I am wondering whether it may not be necessary to speak more emphatically than we have done. I have used all the adjectives that properly go with persuasion but things seem to grow worse instead of better and the representatives of other nations are very much concerned.

Mr. Lansing has suggested it might be worth while to notify Carranza and Obregon that in view of the language which is being employed by Obregon to excite hatred of foreigners, thus greatly increasing the risks, and in view of the interruption of traffic and communication by Carranza, thus further increasing the risks, that we would hold Carranza and Obregon personally responsible for injury that resulted from the methods which they are employing.
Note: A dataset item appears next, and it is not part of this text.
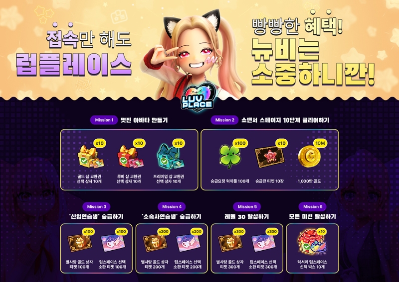 먼저 아바타 만들기를 시작으로 스테이지 10단계 클리어, 신입 연습생 완성, 소속사 연습생 완성, 레벨 30 달성, 모든 미션 달성까지 총 6단계의 미션 목표가 주어다. 미션을 수행할 때마다 골드와 루비, 프리미엄 샵 교환권 선택 상자, 승급 요정 ‘럭끼풀’ 100개, 승급전 티켓, 별사탕 골드 상자 티켓 등 다양한 아이템을 얻을 수 있고, 모든 미션 완료 유저는 특별 보상으로 ‘럭셔리 럽스페이스 선택 박스 10개’가 지급된다.

We have no soldiers nearer than Texas and are not in a position to protect Americans and other foreigners from riot, in case Obregon should succeed in stirring up riot—which he promises in advance not to resist—and I am not sure but we may be justified in bringing this pressure to bear upon Carranza.

They are proposing to evacuate, but before doing so they may create a condition there which will result in violence. The fact that the people of Mexico City are ready to welcome Zapata, whom they formerly so greatly feared, or Villa, who was also a terror to them, [Page 529] as a substitute for Carranza and his best general, Obregon—for Obregon seemed to stand highest among those supporting Carranza—this fact contrasts strangely with the predictions and fears expressed by the people of Mexico City before Huerta left.

Will you please let me know whether you have any instructions to give?

With assurances [etc.]

W. J. Bryan
  1. From the Brazilian Minister in Mexico, March 4, 1915, 5 p. m. and 6 p. m. Foreign Relation, 1915, pp. 656 and 657, respectively.